E' vero che questi "maestri" non hanno detto esattamente le stesse cose, pero' tutti hanno parlato, ognuno con la propria voce,
dell'interesse dell'essere umano, delle verita' che riguardano la condizione umana.
Le verita' umane sono vive, palpitano e si lasciano sperimentare, pur restando le stesse, in tante modulazioni quanti sono gli individui
in atto e in potenza.
Quando analista e analizzando condividono un'esperienza di verita', e per qualche istante l'insight illumina le due persone e la loro
relazione, la comunicazione puo' non avvenire attraverso le parole.
Se l'insight e' profondo e riconfigura il senso della vita dell'analizzando e il senso del suo essere li' in quel momento con l'analista,
la consapevolezza che emerge puo' non trovare subito una forma in concetti, come suggerisce il seguente passo di Fromm (1960, p. 349):
"It is a characteristic of all true insight in
psychoanalysis that it cannot be formulated in
thought".
Come se una visione vera si ritraesse dall'essere formulata, squadrata da concetti.

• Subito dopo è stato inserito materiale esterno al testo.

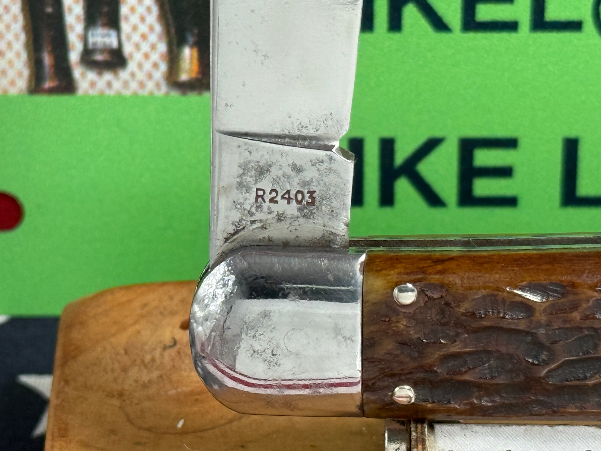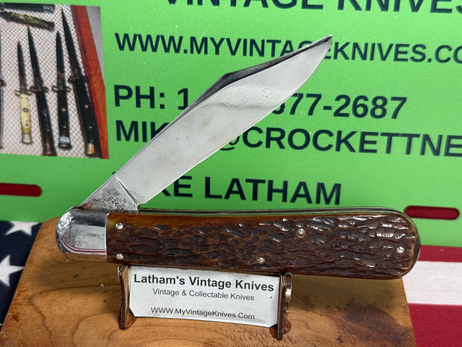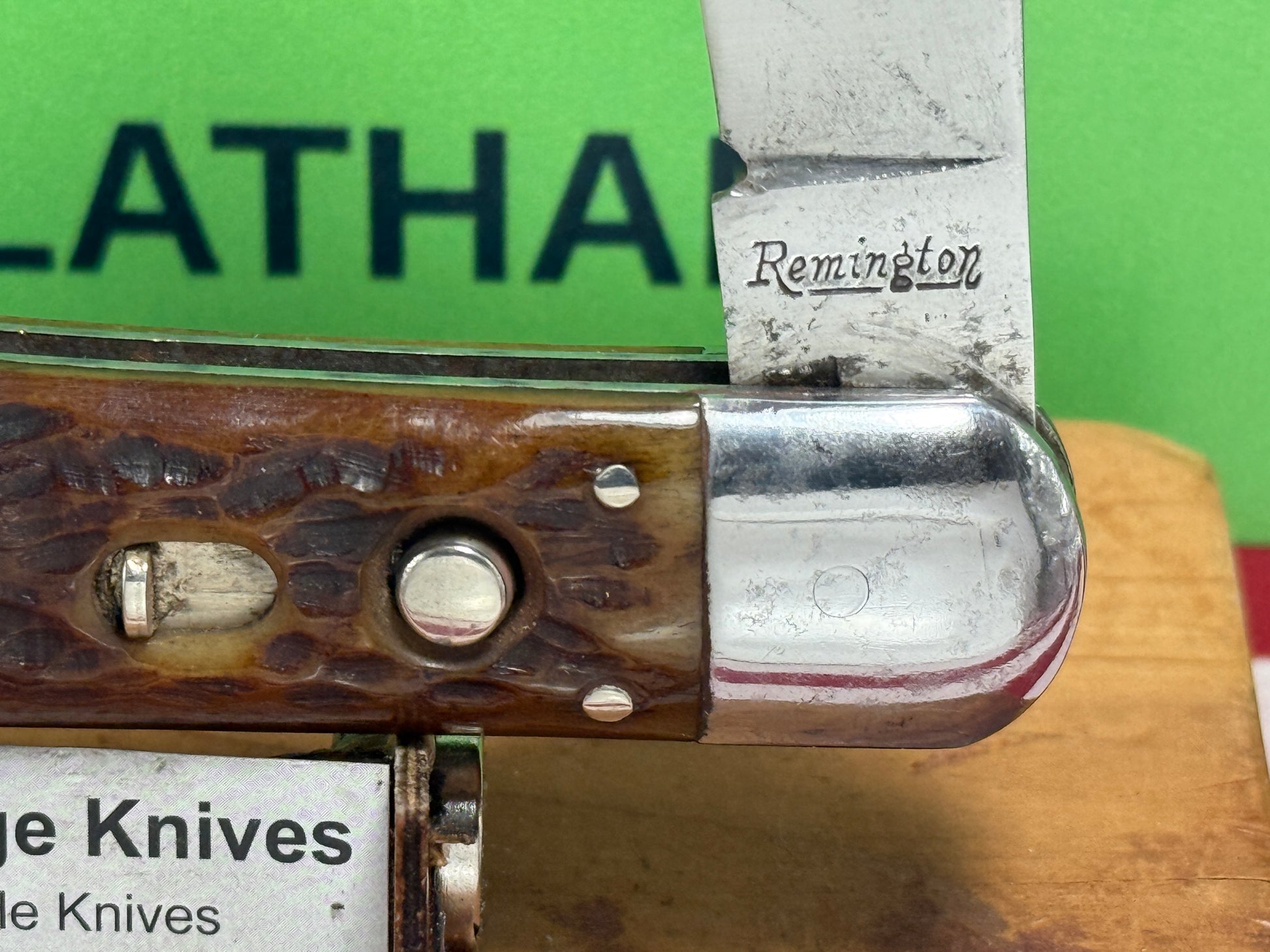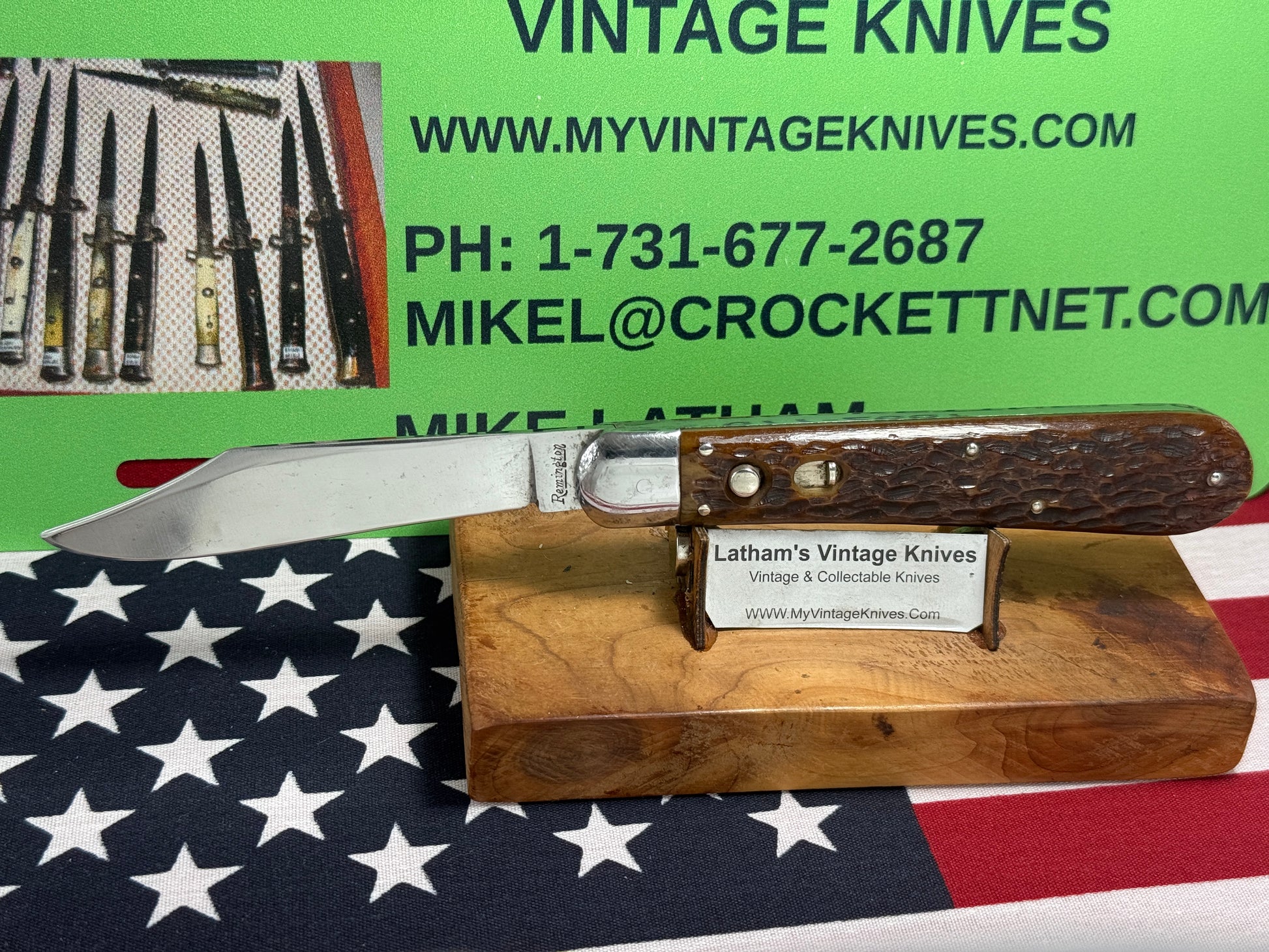 REMINGTON UMC 1920-40 LARGE 5" HUNTER R2403 VINTAGE AMERICAN AUTOMATIC KNIFE BROWN JIGGED BONE HANDLES

(Qui il termine "concetto" e' preso nel senso di definizione, quindi di formulazione verbale o verbalizzabile, e non designa ogni
contenuto mentale e rappresentazione sensibile).
Questa idea finemente umanistica fa pensare alla contemplazione aristotelica come "pensiero di pensiero" ed e' anche volta a cogliere
la complessita' espressiva del silenzio.
Mi raffiguro un corridoio umanistico nella storia; percorrendolo, si incontrano persone che spesso sono state sconfitte sul piano pratico
ma il cui pensiero dialogante e' ancora valido e attuale.
Il corridoio e' lungo millenni e in esso si e' fatto esercizio della facolta' umana dell'obiettivita' e dell'amore per la verita' dialogante.
Questa idea di obiettivita' e' concepita e sperimentata come funzione umana in esercizio, facolta' interiore in attivita', "pensiero
pensante" piu' che "pensiero pensato".
La metafora frommiana della visione radiologica porta nel lavoro analitico una funzione di obiettivita' dell'analista in dialogo, nel
senso che egli o ella scorga in se stesso/a e nell'analizzando il gioco interattivo dei conflitti che sorgono dalla dicotomia esistenziale
di base e dall'impegno richiesto dal processo di individuazione.